** DATA SEGMENT **
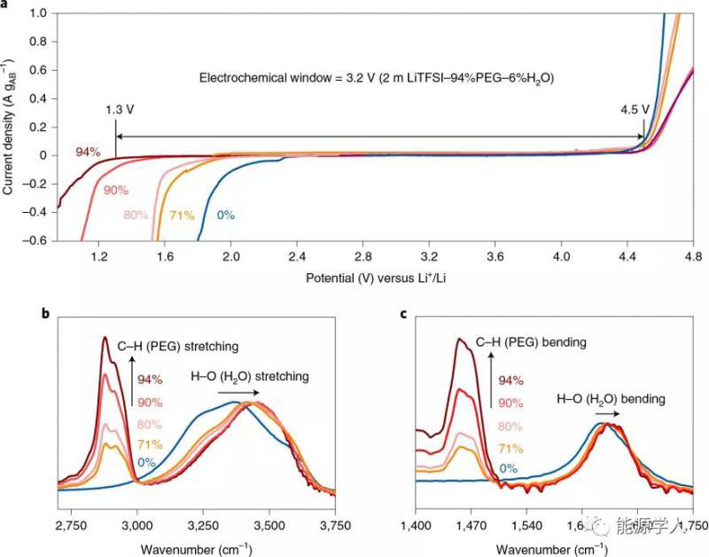 圖1. 分子擁擠型電解質(zhì)的電化學穩(wěn)定窗口和FTIR光譜。a)LSV測試2m LiTFSI-xPEG-(1-x)H2O(x=0,71,80,90,94%)的電化學穩(wěn)定性窗口;b, c)一系列2m LiTFSI-xPEG-(1-x)H2O電解質(zhì)的歸一化FTIR。
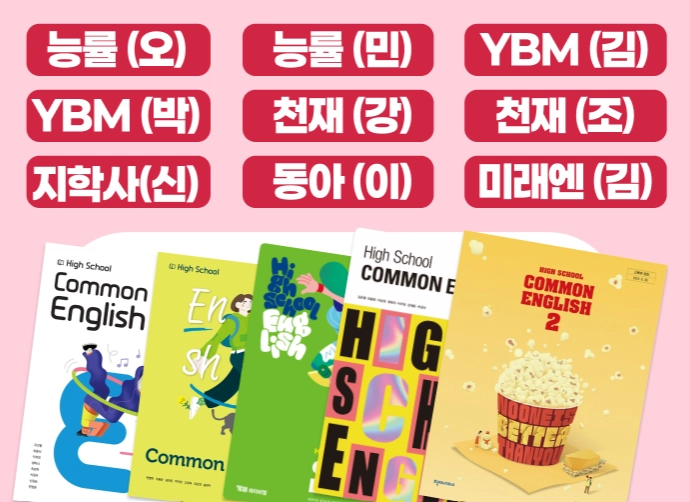 능률(오선영) | 능률(민병천) | YBM(박준언) | YBM(김은형) | 천재(강상구) | 천재(조수경) | 동아(이병민)|미래엔(김성연)|지학사(신상근)
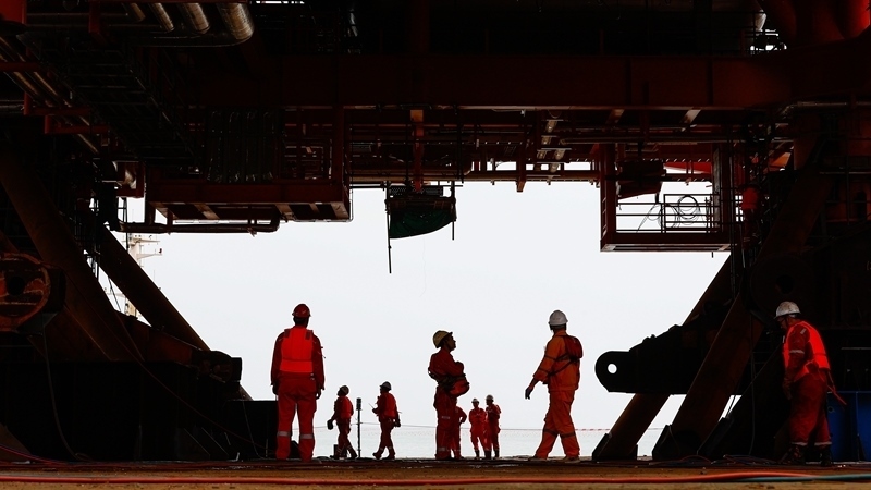 9月8日,工人在墾利6-1油田10-1北區(qū)塊Ⅱ期開(kāi)發(fā)項(xiàng)目油氣平臺(tái)安裝作業(yè)現(xiàn)場(chǎng)施工。

** YOUR INSTRUCTIONS **
Give the listing again, exactly as it appears, but without its images.

** RESPONSE FOR THIS EXERCISE **
 圖1. 分子擁擠型電解質(zhì)的電化學穩(wěn)定窗口和FTIR光譜。a)LSV測試2m LiTFSI-xPEG-(1-x)H2O(x=0,71,80,90,94%)的電化學穩(wěn)定性窗口;b, c)一系列2m LiTFSI-xPEG-(1-x)H2O電解質(zhì)的歸一化FTIR。
 능률(오선영) | 능률(민병천) | YBM(박준언) | YBM(김은형) | 천재(강상구) | 천재(조수경) | 동아(이병민)|미래엔(김성연)|지학사(신상근)
 9月8日,工人在墾利6-1油田10-1北區(qū)塊Ⅱ期開(kāi)發(fā)項(xiàng)目油氣平臺(tái)安裝作業(yè)現(xiàn)場(chǎng)施工。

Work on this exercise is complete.